A bad period for me was made easier by writing a book about someone for someone too. Greatly therapeutic ESP when, 18 years later, that book was read and valued by the recipient. It was so important and so emotional for that person. Glad I had the vision to do that despite constant reservations/doubts when writing the book.
Its difficult to value one's own "worth" to determine things. Difficult too to accept things or events in life and to settle or accept them. But when I realise the devastation a bad choice would cause I keep going. Maybe the solution is not to inwardly examine too much
Couldn't agree more with what's already been said. A garden becomes a sanctuary if you feel stressed.
Verd - that book will always be treasured and it must give you a lot of comfort knowing that. That loss won't leave you or your family but finding a meaningful way of dealing with it is a huge part of the recovery. It's easy to suffer from 'analysis paralysis'.
I understand completely about the writing itself being therapy pd. Putting it all down on paper is very cathartic and somehow it gives your thoughts clarity, instead of them just going round in your head.
You can feel lonely in a room full of people - in a garden you're never lonely.
Verdun, one of the things that CBT has taught me is, too not spend time looking inwards, procrastinating, as this tends to cause a downward spiral; bad thoughts lead to more bad thoughts etc.
The idea is that we all do it, but depressed people tend to do it more and that therefore you should only allow yourself a fixed time period in a day when procrastination is allowed.

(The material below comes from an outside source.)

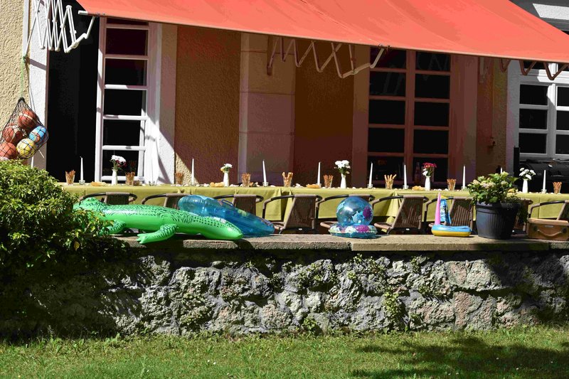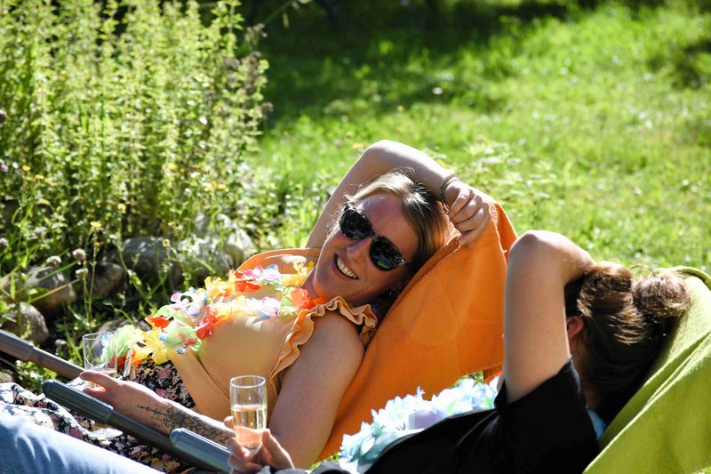 Am 14.06.2024 um 17 Uhr war es dann soweit: die Sommerparty konnte bei strahlendem Sonnenschein in Gauting starten. Zunächst gab es einen Sektempfang. Hier wurden die Studierenden des 2. Semesters von der Projektgruppe sowie von Prof. Dr. Regina Münderlein (Studiengangskoordinatorin und Dozentin im Modul) und Tanja Wind begrüßt. Passend zur Sommerparty wurden alle mit Blumenketten versorgt. Es standen verschiedene Spiele zur Verfügung: Badminton, Minigolf, eine Selfiestation und mehr. Im Garten waren entsprechend des Mottos Sonnenliegen aufgebaut, die gerne genutzt wurden. Um 18 Uhr gab es Essen. Am Grill stand Rajendra Bhandari, ein Student aus dem 6. Semester, und versorgte die hungrigen Studierenden mit verschiedenen Gerichten.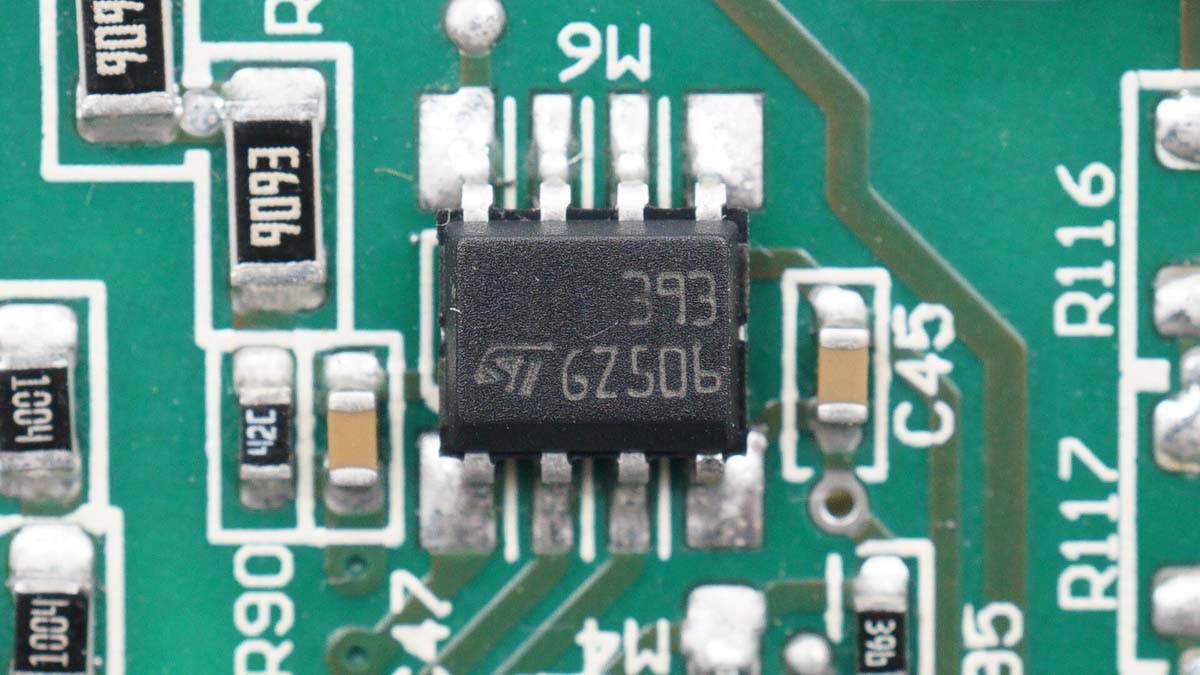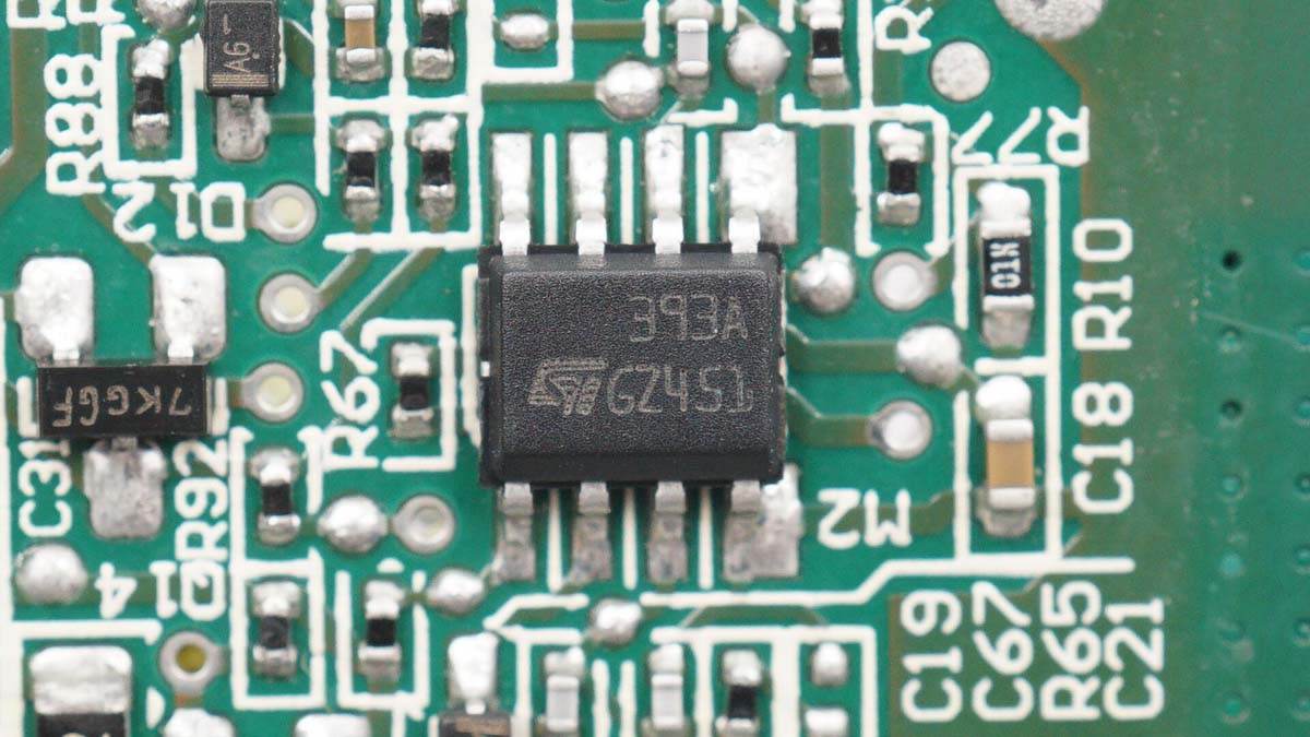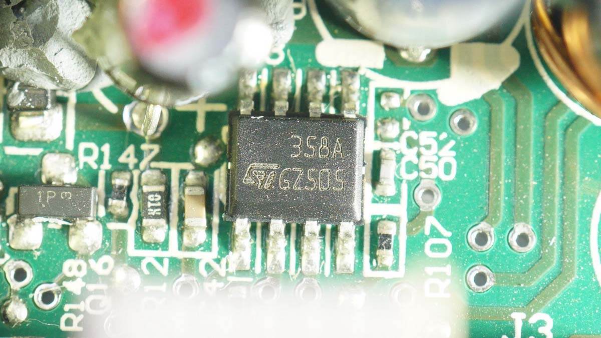 主板背面初級側還有一顆意法的芯片,LM393雙路電壓比較器。

It might seem daft, but it is possible, with practice to limit this dangerous time. Now if I am aware I have been doing it for too long I, make a conscious effort to go and do something, even if it is just a walk around the garden, this will then trigger constructive thought.
I can relate to a lot of what is being said too and having had CBT can agree with Punk and totally relate to FG on the 'feeling lonely in a room full of people comment'. We also become very good at hiding it and even my husband didn't know about the dark place I was in. I write in a diary when I have negative thoughts or troubles, I don't think anyone but me will ever benefit from it. I would love to read your books Punk so please get writing when you feel able
In the garden you can be allowed to lose yourself in thoughts that take your mind away from problems with no interruptions and I love that.
Truly such fine and encouraging comments. Lets be honest. Down in the dumps, depression call it what you like. Hands up anyone who hasn't ben down this path. 'fibber' We all become victims at some time or other.
I remember when I was a traffic cop, recenty married etc. Stress entered my life. My GP at the time was an oldie wartime type, a police surgeon. He said to me once, and he really was the family doctor and friend. Mike, he said. All the pills under the sun will never cure your problem. You yourself hold the cure. Take up fishing. Even if you sit there all day and catch bugger all, you wil learn to relax, and to be patient, or, like your dad. Get a plot and grow things. These are two of the most natural ways of life. I think he had something there.
For those who have tried these methods, and obviously wish to help others. Kindness, tact, compassion and a deep love for fellow man has to be cultivated. Believe me. As in various cases of assisting mentally problemed persons. Great patience is called for. Very good thread IMO thank you.